Dependence on Government vs. the American Dream
Alison Acosta Fraser /
Mother Jones has opened a broad debate about the role of government in our society.
In a clandestine tape recorded in May and obtained by the magazine, former Governor Mitt Romney (R-MA) remarked that 47 percent of taxpayers pay no federal income taxes. He notes, among other things, the increase in dependency on government in the country.
This is not a widely held secret: 47 percent of all tax filers paid no federal individual income taxes in 2009, and in 2011 that figure was 46 percent. This is all perfectly legitimate as taxpayers take advantage of various credits, deductions, exemptions, and the like. These filers are largely (but not exclusively) low-income Americans including seniors and students.
This doesn’t necessarily mean that these taxpayers are dependent on the federal government. (More on that later.) But it does raise a crucial issue for our democracy: Who should pay to fund the federal government?
Who Pays Taxes
At 47.4 percent of federal revenue, the federal income tax is by far the single largest source of revenue for the federal government. The payroll tax is next largest, raising 35.6 percent. But those revenues are reserved for Social Security and Medicare benefits. So the individual income tax funds the bulk of operations of the federal government, including such core things as national defense, homeland security, and the judicial system.
Shouldn’t all Americans have some stake, even if just a nominal one, in funding these government programs? Should nearly 50 percent of Americans really be exempt from funding the most basic constitutional functions of government—along with education, food stamps, energy, welfare, foreign aid, veterans’ benefits, housing, and so forth?
Do the non-taxpayers represent those Americans who are dependent on government? Not necessarily, but there is overlap. Many take advantage of Washington policies that remove their liability or even send them money, via the IRS, that they never paid in to begin with. But to really understand government dependence requires looking at the full panoply of government programs and direct benefits.
Who’s Dependent on the Government
The 2012 Heritage Index of Dependence on Government found that 63.7 million Americans received either Temporary Assistance for Needy Families, Social Security, or support for higher education—an 8 percent increase over the previous year. These same people were very likely to receive other federal benefits, such as Medicare or food stamps. Separately, The Wall Street Journal found that in 2011, 49 percent of Americans lived in a household where at least one member of the family received a government benefit.
So we find the nation at a tipping point. Nearly half of all taxpayers pay no income tax, while nearly half of all Americans receive direct government support for income, food, housing, medical care, school lunches, etc. This makes strong incentives for those who pay no income taxes to press for more and higher benefits. But government programs are rife with poor outcomes.
As Heritage scholar Robert Rector writes, “The federal government operates more than 80 means-tested welfare programs to provide cash, food, housing, medical care, and social services to poor and low-income people. President Obama has increased federal means-tested welfare spending by a third since taking office. Last year, combined federal and state spending on means-tested welfare hit $927 billion.” Yet according to the Census Bureau, 15 percent of the population still lives in poverty.

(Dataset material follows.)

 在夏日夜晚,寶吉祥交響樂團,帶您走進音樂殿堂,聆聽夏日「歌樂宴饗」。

Growing these dependency programs, as the President would do, will balloon the federal checkbook. Moreover, government dependency erodes human dignity and civil society. As Curtis Dubay writes, “the goal of government policy shouldn’t be to make more people dependent. It should be to maximize the ability of all Americans to make the greatest use of their abilities so they can lead meaningful, purposeful lives.”
Can We Afford This?
We reach this tipping point just as the nation struggles to confront our twin crises of spending and debt. The total national debt just surpassed $16 trillion; total federal spending is projected to be nearly 23 percent of the economy in 2012; and, for the fourth year in a row, the federal government will run a deficit in excess of $1 trillion.

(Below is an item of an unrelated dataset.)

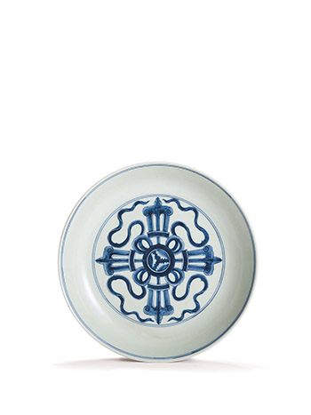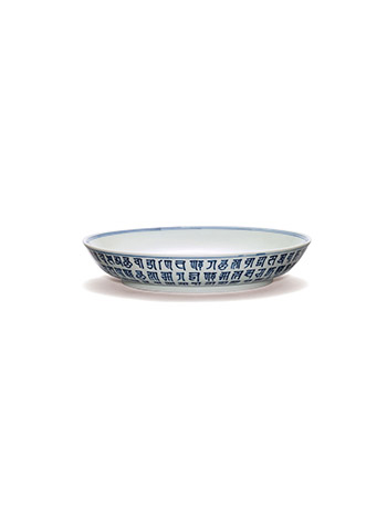 寶杵做十字排列,四出結以飄帶,故又稱十字寶杵紋或結帶寶杵紋,寶杵紋的中心做「冏」紋,冏紋據悉是源於一種神祕的青銅紋樣,又冏與金文中的「明」相似,敢情也有光明的意思。官窯瓷器上的梵文最遲自明代即有,類似的青花寶杵紋盤,雍正年間時有燒製,惟目前傳世青花寶杵紋盤的直徑一般尺寸小於二十公分,相形之下,諸如本件青花盤的直徑逼近二十六公分,抑且畫工工整、發色濃郁的特殊品種,自然是彌足珍貴的稀罕精品。

That’s just for starters. Nearly 78 million baby boomers are already starting to pour into Social Security and Medicare, while Medicaid is exploding. Within just one generation, total federal spending will reach nearly 36 percent of GDP, and debt held by the public will reach nearly 200 percent of GDP. (continues below chart)

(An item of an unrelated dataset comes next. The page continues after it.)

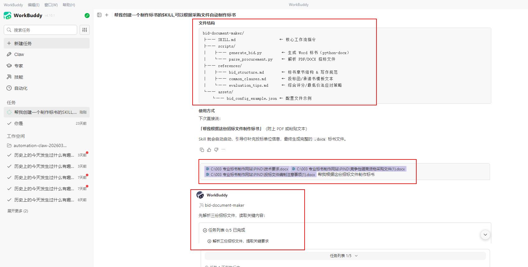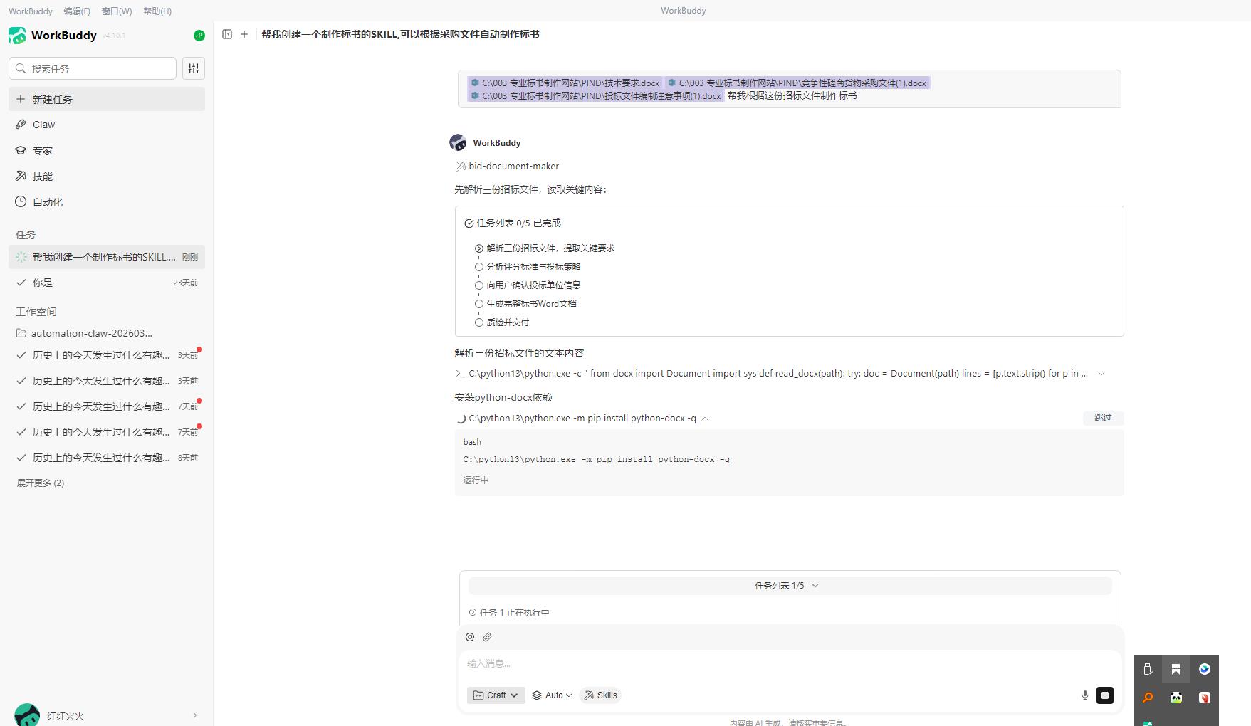 我已经把「bid-document-maker」Skill打包成了一个可分发的zip文件,任何人都可以安装使用。如果你也经常需要做标书,或者想把某个重复性工作流自动化,欢迎留言交流。

This is unsustainable. But it is also economically and morally bankrupting. America is on the verge of becoming a nation in decline—economically stagnant and permanently debt-ridden, more dependent, and less self-governing.
Government should be smaller. Taxes should be flatter and should not penalize ordinary and low-income Americans for saving—whether for a car, a condo, or retirement. Federal dependency programs should be redesigned to not just assist low-income individuals, but also move them out of dependency. Social Security, Medicare, and Medicaid should be overhauled. The goal is to strengthen the safety net, not destroy it. The out-of-control growth of these programs virtually ensures their ultimate destruction, so we should act now.
These choices, while difficult, are not radical: extending the means testing in Medicare today further to fix the program’s finances while also embracing premium support to improve health care delivery and outcomes; extending means testing in Social Security further (after all, do Bill Gates or Warren Buffett really need Social Security?); gradually moving Social Security away from a benefit for everyone to a benefit that, unlike today, guarantees that seniors won’t live in poverty because their benefits are so low.
Ah, Mother Jones, these are the kinds of solutions that will help in Saving the American Dream.